* ABOUT THIS EXERCISE
Among the records that follow, find the line with "A pesar de las" and the line with "A gauche: Lando, un". Set down those lines and all lines between them exactly, without adding anything.

* SUPPLIED RECORDS
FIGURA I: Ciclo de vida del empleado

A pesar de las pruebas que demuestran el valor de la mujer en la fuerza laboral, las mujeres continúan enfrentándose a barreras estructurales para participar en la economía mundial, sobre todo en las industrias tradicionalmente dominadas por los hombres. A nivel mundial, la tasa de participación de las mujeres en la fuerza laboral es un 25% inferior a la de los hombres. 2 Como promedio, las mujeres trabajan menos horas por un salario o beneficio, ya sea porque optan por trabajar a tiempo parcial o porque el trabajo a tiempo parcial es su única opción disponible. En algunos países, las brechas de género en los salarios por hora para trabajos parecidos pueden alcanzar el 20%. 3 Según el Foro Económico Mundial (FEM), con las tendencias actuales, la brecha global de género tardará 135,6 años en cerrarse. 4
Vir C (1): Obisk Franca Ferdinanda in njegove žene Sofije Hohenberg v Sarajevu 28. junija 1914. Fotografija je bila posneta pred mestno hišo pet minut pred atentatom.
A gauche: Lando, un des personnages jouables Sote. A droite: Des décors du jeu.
---
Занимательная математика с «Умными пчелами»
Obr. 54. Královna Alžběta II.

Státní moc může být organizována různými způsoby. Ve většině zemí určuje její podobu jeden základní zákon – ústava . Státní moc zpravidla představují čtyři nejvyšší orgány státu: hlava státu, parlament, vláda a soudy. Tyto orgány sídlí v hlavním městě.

* THE COMPLETED TASK
A pesar de las pruebas que demuestran el valor de la mujer en la fuerza laboral, las mujeres continúan enfrentándose a barreras estructurales para participar en la economía mundial, sobre todo en las industrias tradicionalmente dominadas por los hombres. A nivel mundial, la tasa de participación de las mujeres en la fuerza laboral es un 25% inferior a la de los hombres. 2 Como promedio, las mujeres trabajan menos horas por un salario o beneficio, ya sea porque optan por trabajar a tiempo parcial o porque el trabajo a tiempo parcial es su única opción disponible. En algunos países, las brechas de género en los salarios por hora para trabajos parecidos pueden alcanzar el 20%. 3 Según el Foro Económico Mundial (FEM), con las tendencias actuales, la brecha global de género tardará 135,6 años en cerrarse. 4
Vir C (1): Obisk Franca Ferdinanda in njegove žene Sofije Hohenberg v Sarajevu 28. junija 1914. Fotografija je bila posneta pred mestno hišo pet minut pred atentatom.
A gauche: Lando, un des personnages jouables Sote. A droite: Des décors du jeu.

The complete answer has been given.